But I also want you to know that recovery is possible even when the policy environment is not optimal. It is harder, yes. The deck is stacked in ways that are unjust. But people are finding their way to sobriety every single day in Colorado, building lives of meaning and connection despite everything working against them.

Part of what helps is finding community. That is why we do what we do at Sober Outdoors. Getting outside, moving your body, connecting with other people who understand the journey, these things matter. They do not replace treatment, but they create the conditions where healing becomes more possible.

And if you have lost someone to this crisis, I am so sorry. There are no words that make that kind of loss easier. But your grief is not something to carry alone. The recovery community in Denver and across Colorado includes many people who understand that particular heartbreak. Reaching out is not weakness. It is wisdom.

Where Do We Go From Here

Colorado is at a crossroads. The data suggests that the current approach is not working, and that continuing on this path may cost more lives. But policy change is slow, and the political dynamics around drug laws are complicated. Some lawmakers genuinely believe that the felony law needs more time to show results. Others are starting to question whether a different approach might be more effective.

What seems clear is that supply side interventions alone are not enough. The national data shows that even as fentanyl remained prevalent in the drug supply, deaths dropped dramatically in states that invested in treatment access, naloxone distribution, and other harm reduction strategies. Colorado could follow that path, but it would require acknowledging that the felony law may have been a mistake, and that is politically difficult.

For now, those of us in the recovery community can focus on what we can control. We can support each other. We can carry naloxone and learn how to use it. We can advocate for treatment access and against policies that isolate people from the help they need. We can tell our stories, because stories have a way of changing minds that statistics alone cannot.

The mountains are still there. The trails are still open. The community is still here. Whatever happens in the Capitol, whatever the numbers do next year, those things remain true.

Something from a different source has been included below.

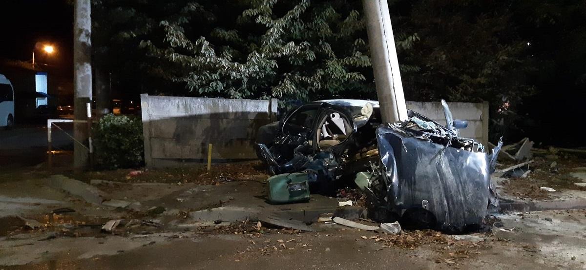 Jaguar despicat de un stâlp la Suceava, trei tineri au scăpat teferi din maşina descompusă

And sometimes, when everything else feels uncertain, that is enough to hold onto.

If you are looking for connection, for a place where you belong, for people who will walk beside you on this journey, I hope you will consider joining us. We meet outside, we move our bodies, we breathe mountain air, and we remind each other that recovery is not something you do alone. It is something you build together, one step at a time, one day at a time, surrounded by people who understand.

That is what keeps me going when the numbers are hard to look at. The people. The community. The stubborn insistence that another way is possible.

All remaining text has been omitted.